I describe an historical moment when the genre of “folklore” as a musical embodiment of French-Canadian identity came into the public consciousness in Montreal and elsewhere in Quebec. I then use case studies to examine the evolution of traditional music in Quebec over the course of the twentieth century.


A veillée is an informal family or community gathering that typically includes songs, stories, dance, and instrumental music. Since the early twentieth century, a veillée has also meant an idealized performance of such a gathering. These early staged veillées shaped cultural understandings of traditional music in Quebec and laid the foundations for a century of mediated representations of traditional music and dance. In my dissertation, I use contemporary newspaper and magazine articles to document the first wave of staged veillées: over two dozen performances between 1919 to 1922.

Newspaper clipping announcing "veillée" in 1920

I argue that the first generation of folklorists in Quebec used staged veillées to define the genre of folklore as the musical embodiment of French-Canadian identity. This genre encompassed not only the language-based arts of song and storytelling but also fiddle tunes, group social dancing, and step-dancing, and was grounded in the nationalist literary movements of the late nineteenth and early twentieth centuries. 

Later in my dissertation, I return to staged veillées with a close look at the popular television show Soirée canadienne (1960–1983). Soirée canadienne showcased folk singers, dancers, and instrumental musicians from across the province, though in a highly regulated format. I describe the program’s role in shaping the content, presentation, and reception of traditional music in Quebec, and argue that the Soirée canadienne team used the show to provide a space for aural transmission in an increasingly mediated world. I also use Soirée canadienne to offers a preliminary theorization of the relationship between traditional music and notions of kitsch and authenticity.
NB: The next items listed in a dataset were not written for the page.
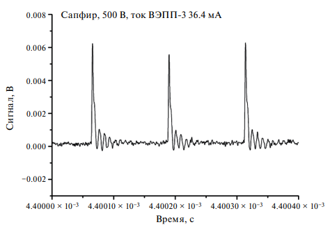Рис. 12. Сигнал от вспышек СИ с сенсора из лейкосапфира с гасящим резистором 500 Ом. Напряжение на сенсоре 500 В, ток в меньшем сгустке 29.3 мА.
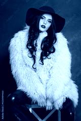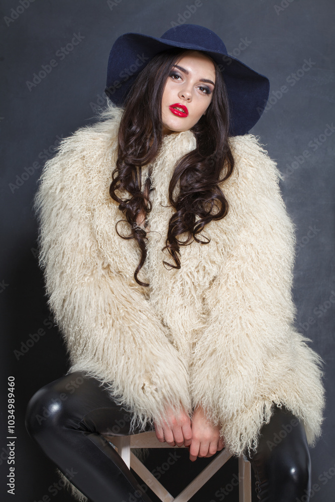 Cheerful fashion model woman in blue classic hat and white fur coat posing indoor, elegance fashion beauty portrait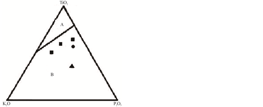 The tectonic setting of the studied gabbroic rocks can be predicted by using TiO2-K2O-P2O5 ternary diagram (Pearce et al. 1975) [17] . On this diagram the studied gabbros plot in the continental field (Figure 4).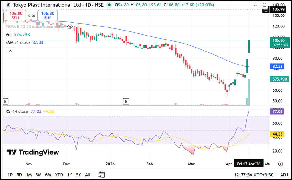 Tokyo Plast International Ltd. is trading near ₹106.80, up around 20.00%, and has moved sharply above the 50-day SMA near ₹82.33, with the 14-day RSI near 77.03 indicates overbought conditions, pointing to stretched momentum in the short term. Immediate support is placed in the ₹90.00–82.00 zone, while resistance is seen near the ₹115.00–125.00 range.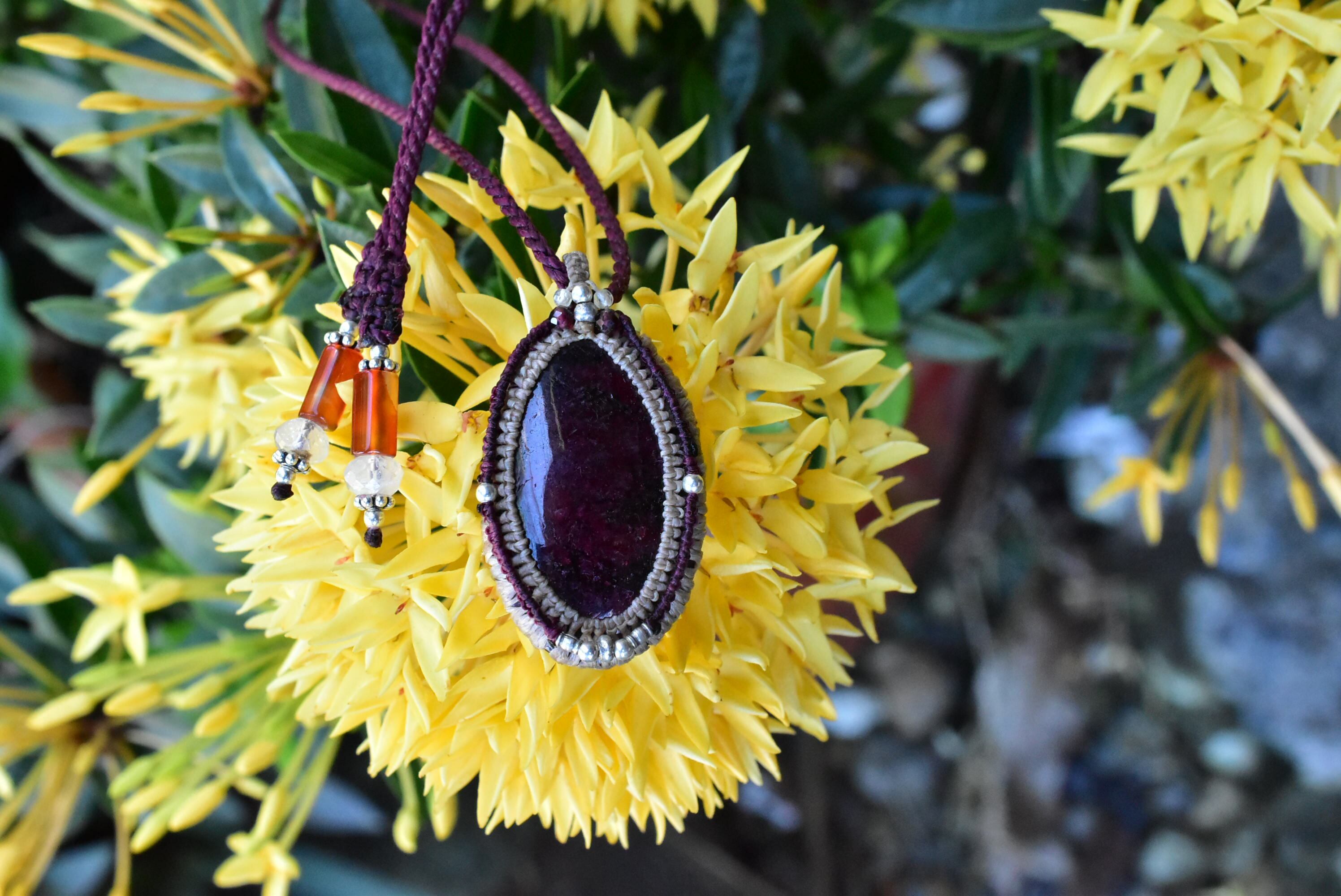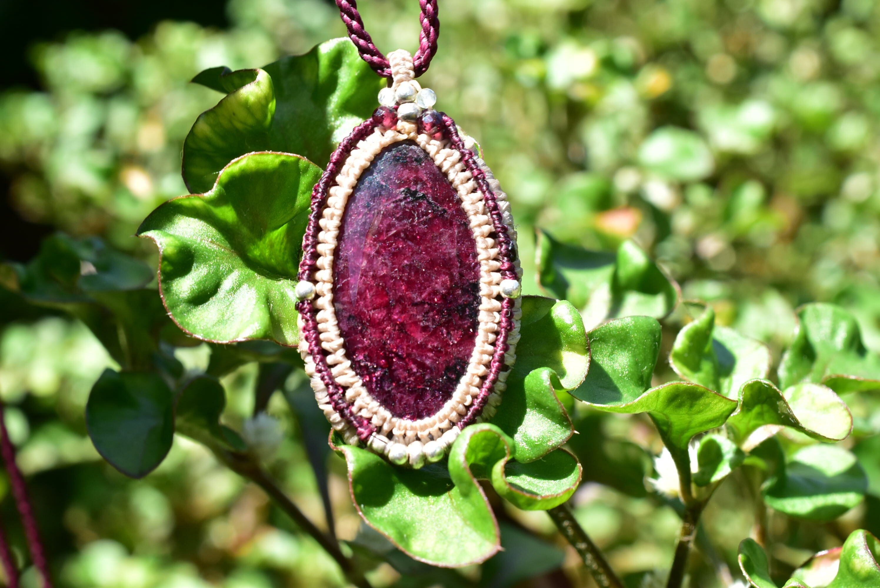 ディープワイン★ユーディアライト マクラメペンダントeud003

Earlier scholars of folk and traditional music often used melodic and rhythmic variants to explore the boundaries of geographically defined genres, and to propose patterns of transmission between those genres. In my dissertation, I use variants to identify small-scale networks of musicians, to outline regional playing styles in the early twentieth century, and to explore how musicians create individualized tune settings from an idealized musical essence.

In the 1920s, fiddlers in Montreal often re-recorded the same tunes with alternate titles and created new tunes out of segments of existing repertoire. Under the auspices of the Single Interface for Music Score Searching and Analysis (SIMSSA) project, I worked with McGill programmer Lillio Mok to create a purpose-built computer program that could identify melodic variants. I used this program to compare 271 fiddle tunes recorded between 1923 and 1929. In my dissertation, I argue that high demand for recorded fiddle music in the 1920s spurred a wave of new composition. 
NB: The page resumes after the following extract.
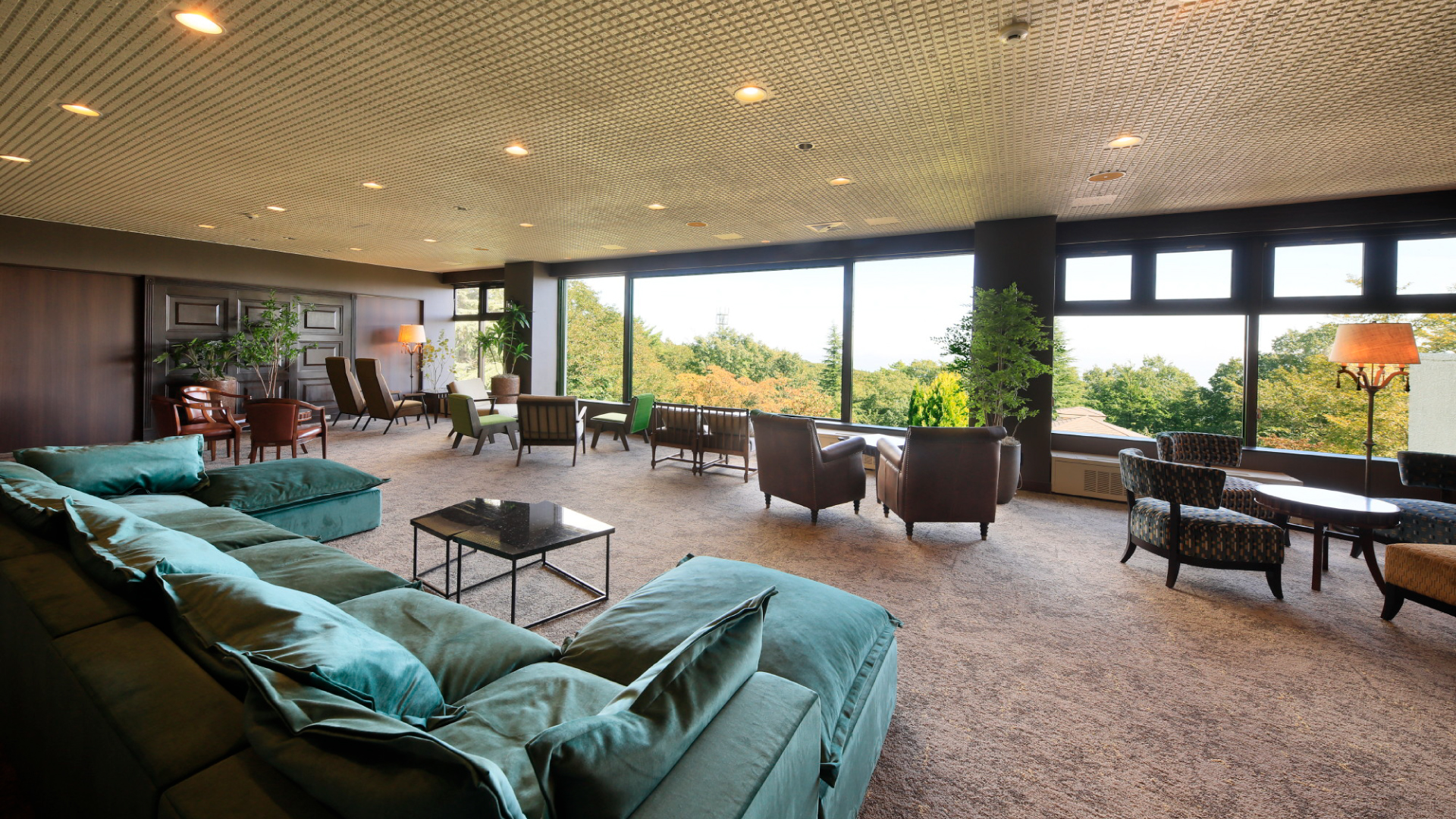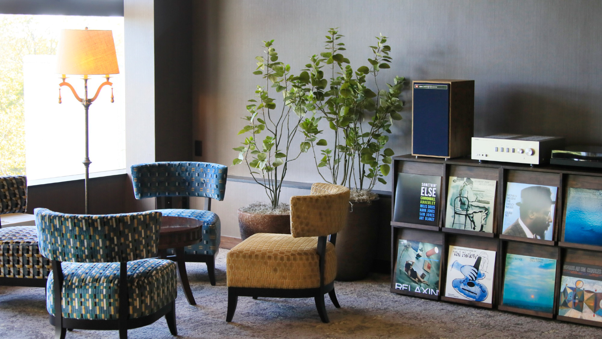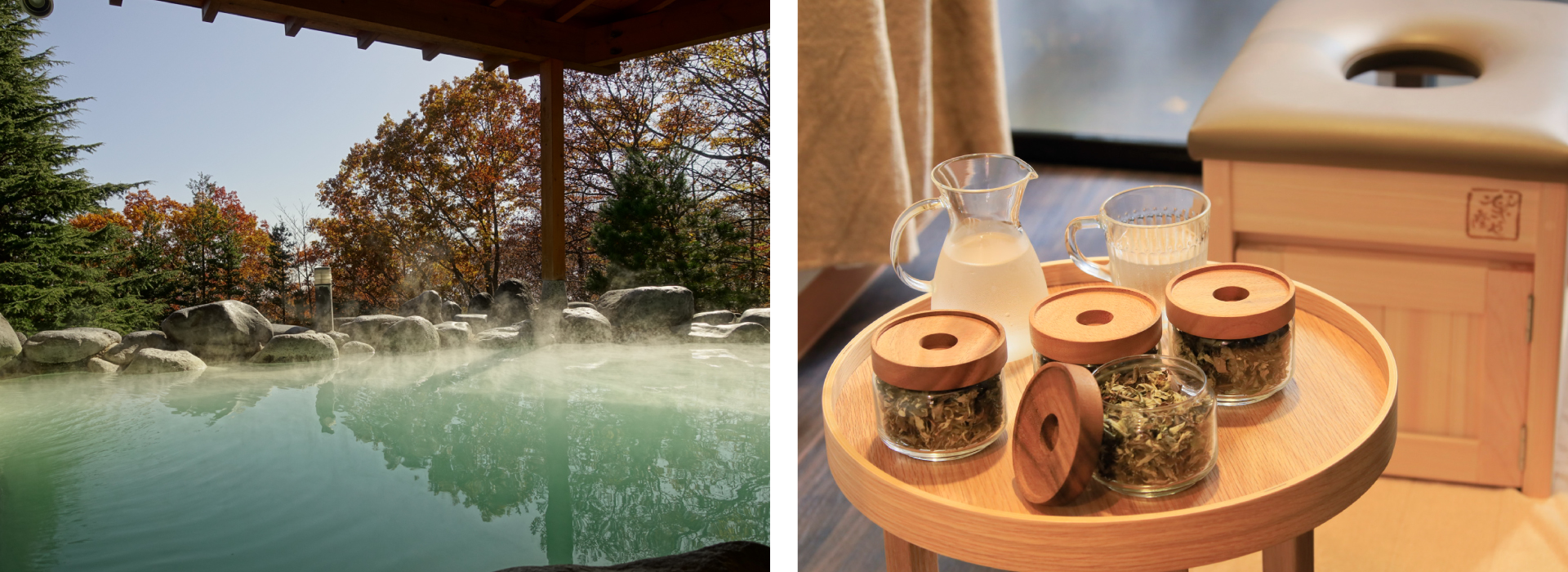 目の前にパノラマビューが広がるラウンジではレコードが流れ、ドリンクやフィンガーフードとともに寛ぎのひとときをお過ごしいただけます。BGMはラウンジ / レストラン、温浴セラピールームなど、空間に合わせたオリジナルの選曲で演出しました。

Fiddler Isidore Soucy plays variants of the same melodic strain on all of these 78 rpm recordings from the 1920s.

Finally, I catalogue and analyze versions of the tune “Money Musk,” long considered the gold standard of fiddling in Quebec. “Money Musk” was composed by a Scottish fiddler in the 1770s but quickly acquired hit tune status on both sides of the North Atlantic. I use over forty recorded variants of “Money Musk” to demonstrate how region, nationality, instrumentation, and function may impact musicians’ interpretive decisions.

In 1918, fiddler Médard Bougie played two settings of the tune “Money Musk” onto wax cylinders for archivist and folklorist Édouard-Zotique Massicotte in Montreal. This image shows the first four bars of each setting.

Laura Risk’s dissertation research was generously funded by a Vanier Canada Graduate Scholarship from the Social Sciences and Humanities Research Council of Canada (SSHRC), a Doctoral Award from Bibliothèque et Archives nationales du Québec, masters-level grants from SSHRC and the Fonds de recherche—Société et culture Québec, and ongoing support from McGill University. 

Her dissertation is entitled "Veillées, Variants, and Violoneux: Generic Boundaries and Transnational Trajectories in the Traditional Instrumental Music of Quebec."